Even in On Intelligence, Jeff thought the classic view of hierarchy was correct, but after learning about grid cells and realizing how they might be used in the neocortex to model objects in allocentric spaces, we had to rethink the hierarchy to make it work. HTM theory posits that a location signal (via grid cells) exists for each cortical column representing some unique point in space. This assumption broke our classic idea of hierarchy if we continue to apply the Mountecastle model of a cortical column.
If we assume every cortical column is representing some feature at some location in an object’s space, this just doesn’t make sense in the classical view of hierarchy, because each region of the classical hierarchy is identifying different objects and composing them. We don’t think it works like that anymore.

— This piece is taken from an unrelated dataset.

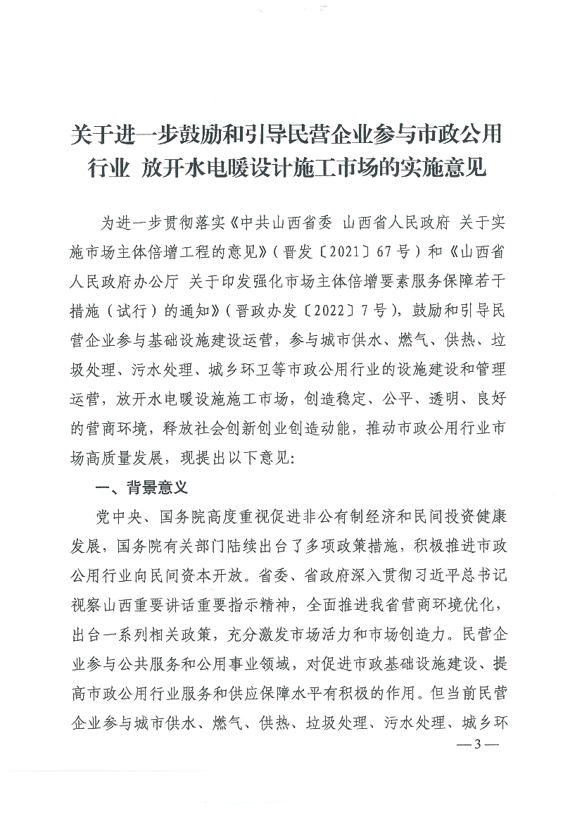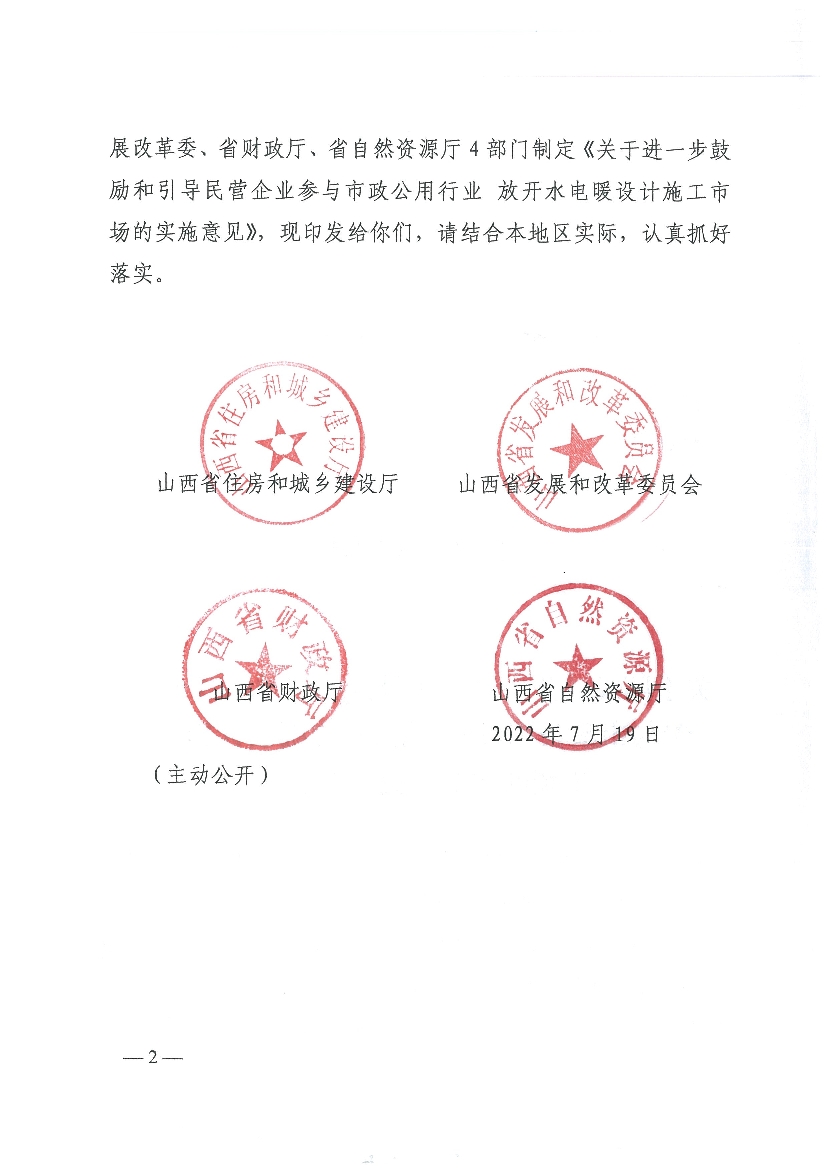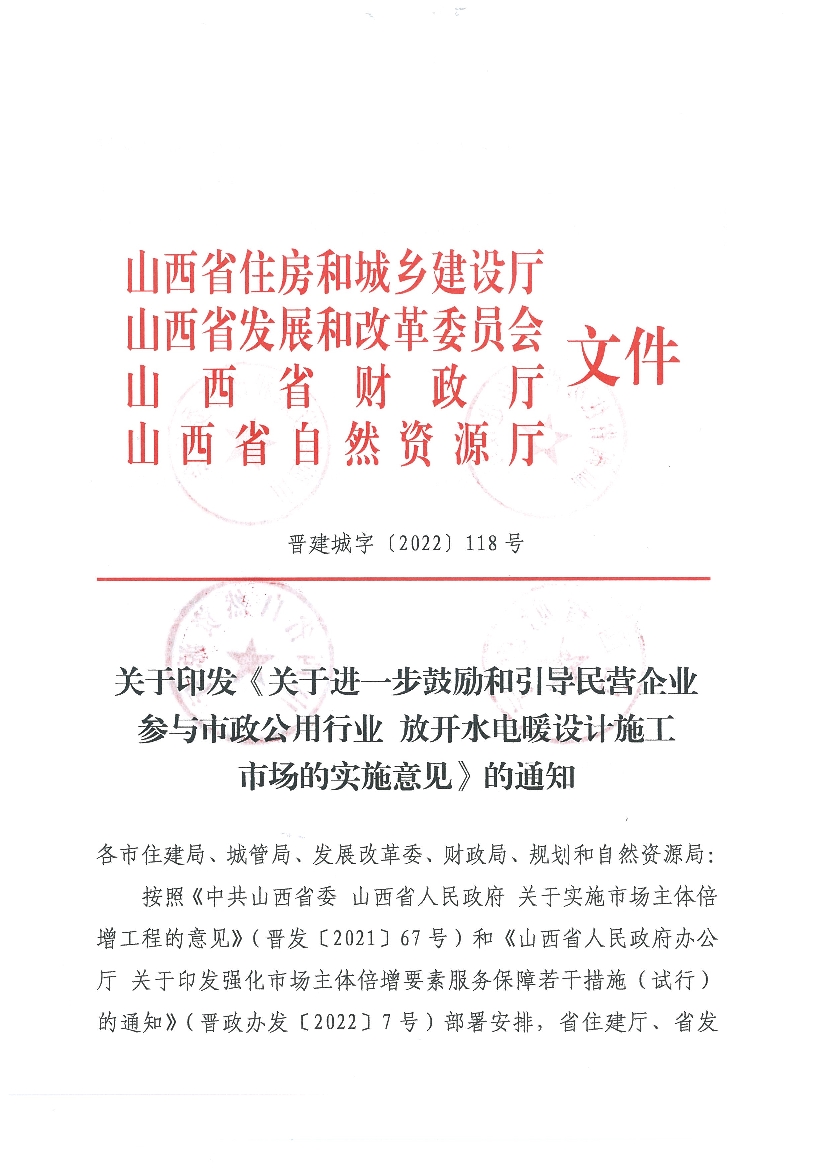 山西省住房和城鄉建設廳等四部門關于印發《關于進一步鼓勵和引導民營企業參與市政公用行業 放開水電暖設計施工市場的實施意見》的通知

This new model of hierarchy explains a lot of things, including object composition by association. stay tuned for podcast
If there was a black box in front of you and I asked you to reach in with your hand and tell me what it was quickly, it would take you about 0.5 seconds to grab the coffee cup, recognize across your hand hierarchy at all levels that it matches coffee cup, and tell me right away.
However, if I asked you to reach in with your foot and tell me what object was inside, it would take you much longer, and you would probably find yourself touching and thinking “what was that feature, a rim? oh, that’s a cup then”. That’s because your foot hierarchy has never learned coffee cups. It knows only the world of feet, like socks and shoes, lint, sand, coins, and the occasional unfortunate wad of gum. That part of your brain has no models of coffee cups unless you teach it (like every other part of your brain).
So how did you recognize it with effort? Think about the hand and foot hierarchies as different structures that eventually converge together at the high levels. Your foot has no idea what a coffee cup feels like, so it passes simple features like rims and curved planes and smoothness up the hierarchy until it can match it across columns that link downward in their hierarchies to different sensory areas!
That is the 2nd essential point here, that cortical columns train each other as they learn. That’s how we think this learning transfer happens at all levels of the hierarchy. Just like this, at lower levels of the hand hierarchy your fingers train each other as they learn things. That is how you can touch something with one finger to learn it and recognize it with another finger, even on another hand. This lateral learning must be happening across cortical columns at all layers of the hierarchy.
To be clear, we don’t know exactly how this works yet. But we have thought about it a lot and are working on solving it.